▸ PROBLEM REQUIREMENTS: Only one span of the listing below is wanted: the lines from the one with "Acc chơi lâu, nhiều" through the one with "Bei den Forschungs- und", reproduced exactly, both ends kept.

▸ EXCERPTED DATA:
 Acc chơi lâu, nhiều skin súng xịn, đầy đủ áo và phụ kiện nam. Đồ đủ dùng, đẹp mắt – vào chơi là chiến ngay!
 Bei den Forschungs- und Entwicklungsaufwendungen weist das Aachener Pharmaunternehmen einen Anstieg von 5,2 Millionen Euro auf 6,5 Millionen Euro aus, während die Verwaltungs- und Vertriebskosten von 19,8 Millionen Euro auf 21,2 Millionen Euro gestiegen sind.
* * *
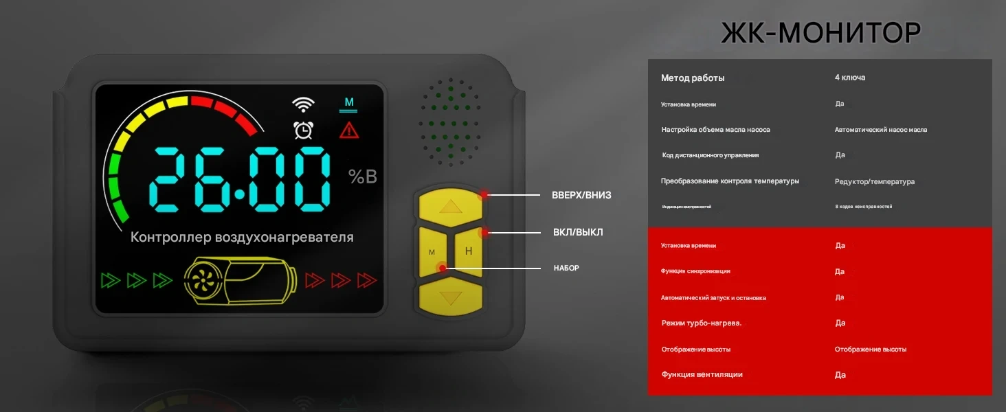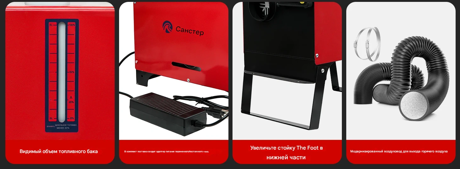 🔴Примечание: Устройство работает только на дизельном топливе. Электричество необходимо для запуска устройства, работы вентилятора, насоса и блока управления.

▸ SOLVED PROBLEM:
 Acc chơi lâu, nhiều skin súng xịn, đầy đủ áo và phụ kiện nam. Đồ đủ dùng, đẹp mắt – vào chơi là chiến ngay!
 Bei den Forschungs- und Entwicklungsaufwendungen weist das Aachener Pharmaunternehmen einen Anstieg von 5,2 Millionen Euro auf 6,5 Millionen Euro aus, während die Verwaltungs- und Vertriebskosten von 19,8 Millionen Euro auf 21,2 Millionen Euro gestiegen sind.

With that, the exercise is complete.